• Your goal: Skipping all pictures, set down the lines of the listing from the first through the one with "Από την συγκέντρωση".

• Supplied material:
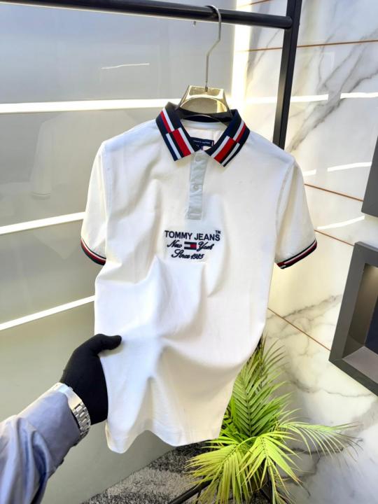 Home T-Shirts Tommy_Hilfiger White Polo Premium Collar Neck T-shirt F2911-WH
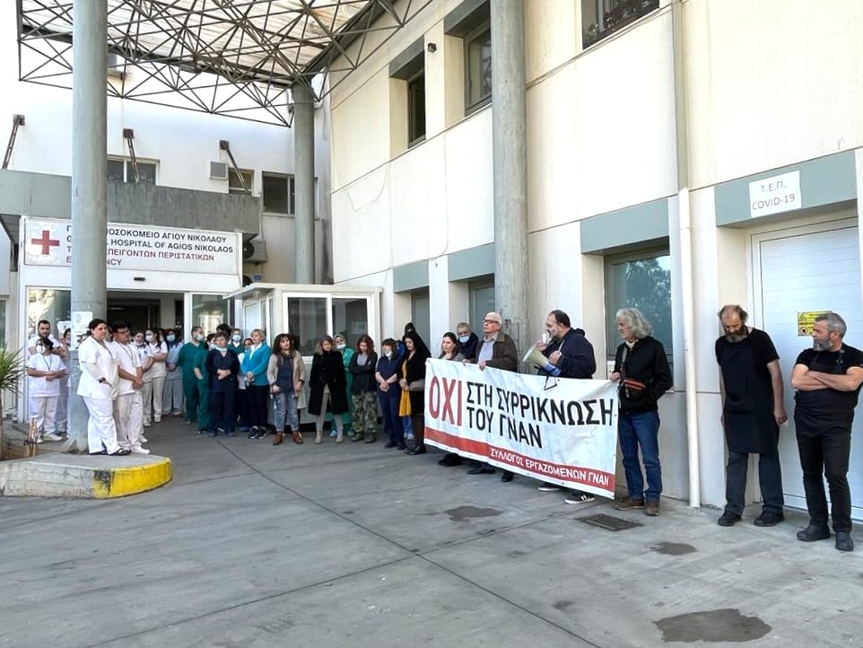 Από την συγκέντρωση του Συλλόγου Εργαζομένων Γενικού Νοσοκομείου Αγίου Νικολάου (ΓΝΑΝ) στο ΓΝΑΝ. Συμμετοχή της Ένωσης Νοσοκομειακών Ιατρών Λασιθίου και ομιλίες των προέδρων των δύο σωματείων.
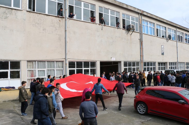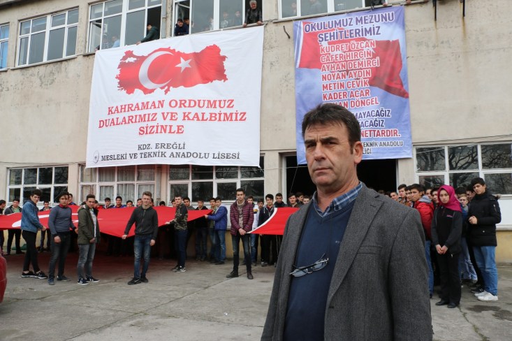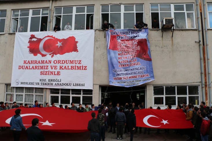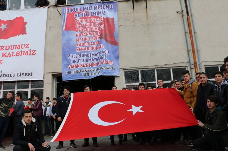 Zonguldak'ın Ereğli ilçesinde mezunlarından bugüne kadar 7 şehit veren Ereğli Teknik ve Endüstri Meslek Lisesi okul yönetimi ve öğrencileri, Afrin'de görev yapan Mehmetçiklere moral vermek amacıyla okul binasına 'Kahraman Ordumuz, dualarımız ve kalbimiz sizinle' yazılı pankart astı. Öğrenciler okul idaresi tarafından yazılan mesajda "Kahraman Ordumuza okumak istediğimiz bir mesaj var. Yolunuz Kızıl elma olsun. Yolunuz yolumuz olsun. Vatana Canımız feda olsun. Hakkımız size helal olsun. Canınız Allah'a emanet olsun" sözleri ile destek verdi.
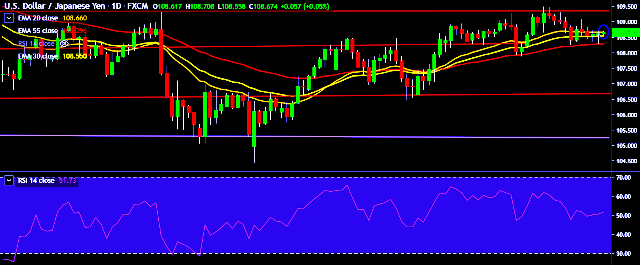 - It made intraday high at 108.70 mark and low at 108.55 levels.

• Answer box:
 Home T-Shirts Tommy_Hilfiger White Polo Premium Collar Neck T-shirt F2911-WH
 Από την συγκέντρωση του Συλλόγου Εργαζομένων Γενικού Νοσοκομείου Αγίου Νικολάου (ΓΝΑΝ) στο ΓΝΑΝ. Συμμετοχή της Ένωσης Νοσοκομειακών Ιατρών Λασιθίου και ομιλίες των προέδρων των δύο σωματείων.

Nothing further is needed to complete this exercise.